### Your objective
Transcribe the records below from the first line to the line that includes "秦老太红枣银耳羹*2 490g*2 玫瑰红色", inclusive, and omit the pictures.

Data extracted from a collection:
::::::::::

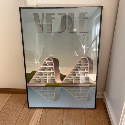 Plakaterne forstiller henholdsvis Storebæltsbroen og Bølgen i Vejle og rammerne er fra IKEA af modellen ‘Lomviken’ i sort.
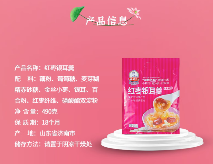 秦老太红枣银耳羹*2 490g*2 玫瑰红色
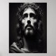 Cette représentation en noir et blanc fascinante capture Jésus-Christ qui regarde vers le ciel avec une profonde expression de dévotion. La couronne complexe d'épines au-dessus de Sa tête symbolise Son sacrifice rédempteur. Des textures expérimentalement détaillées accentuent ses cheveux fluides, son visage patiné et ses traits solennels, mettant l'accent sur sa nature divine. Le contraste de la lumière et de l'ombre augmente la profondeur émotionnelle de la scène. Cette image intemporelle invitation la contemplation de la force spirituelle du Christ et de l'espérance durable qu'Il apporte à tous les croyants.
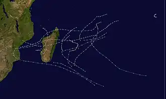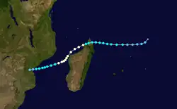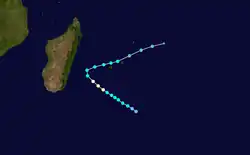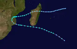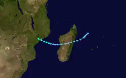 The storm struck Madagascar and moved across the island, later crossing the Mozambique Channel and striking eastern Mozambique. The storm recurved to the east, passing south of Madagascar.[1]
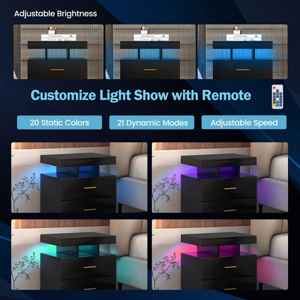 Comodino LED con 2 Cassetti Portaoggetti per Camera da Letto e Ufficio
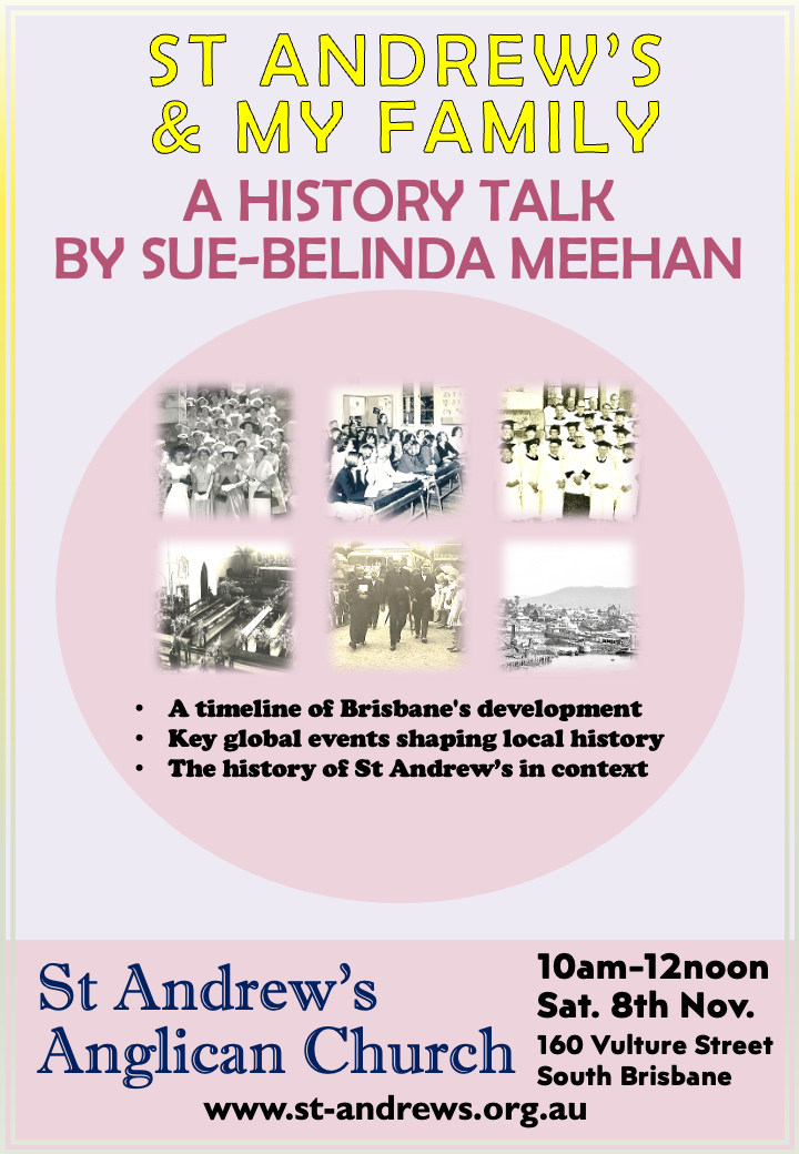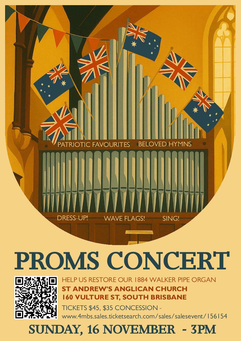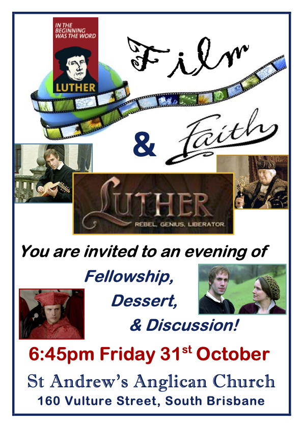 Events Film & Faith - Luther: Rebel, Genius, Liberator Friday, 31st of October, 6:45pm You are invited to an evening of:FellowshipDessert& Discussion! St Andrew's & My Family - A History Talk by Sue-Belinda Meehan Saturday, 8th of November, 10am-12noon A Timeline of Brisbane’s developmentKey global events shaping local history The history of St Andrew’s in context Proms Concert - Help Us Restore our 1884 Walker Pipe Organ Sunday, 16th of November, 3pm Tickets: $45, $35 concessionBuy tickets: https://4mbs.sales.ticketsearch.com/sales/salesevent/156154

::::::::::

### The answer
 Plakaterne forstiller henholdsvis Storebæltsbroen og Bølgen i Vejle og rammerne er fra IKEA af modellen ‘Lomviken’ i sort.
 秦老太红枣银耳羹*2 490g*2 玫瑰红色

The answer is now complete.